Experts recommend ‘micro-hospitals’ as India’s new shield against rising non-communicable diseases

New Delhi, Dec 28 : As India’s healthcare system buckles under a non-communicable diseases (NCDs) epidemic, experts advocated setting up of “micro-hospitals” which they claimed can curb India’s deaths due to NCDs by replacing fragmented tertiary models with specialist-led coordinated care and reduced wait times.

WHO data reveals that NCDs account for an estimated 63 per cent of all deaths in India, they said.

Hospital bed density lags at just 0.55 per 1,000 population — far below the WHO’s 3 per 1,000 benchmarks — leading to overcrowded facilities, long wait times, and variability in care quality.

Experts said that despite India’s world-class technology and infrastructure, the healthcare system is marred by a massive “middle-layer gap” (micro-hospitals) between primary clinics and overcrowded 500-bed hospitals, leading to fragmented care and a growing trust deficit between doctors and patients.

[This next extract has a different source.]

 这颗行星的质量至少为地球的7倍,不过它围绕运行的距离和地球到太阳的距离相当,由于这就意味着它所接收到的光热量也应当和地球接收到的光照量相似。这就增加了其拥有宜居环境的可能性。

Addressing the HEAL OneHealth Connect Series — a health talk organised to nurture a culture of wellness and preventive care — Dr Jagdish Prasad, former Director General Health Services (DGHS), Union health ministry said, “India has the doctors and the technology, but what we truly lack is continuous, coordinated care.”

And large tertiary hospitals are often designed for acute crises, not the long-term, community-centred management that NCDs require, he explained.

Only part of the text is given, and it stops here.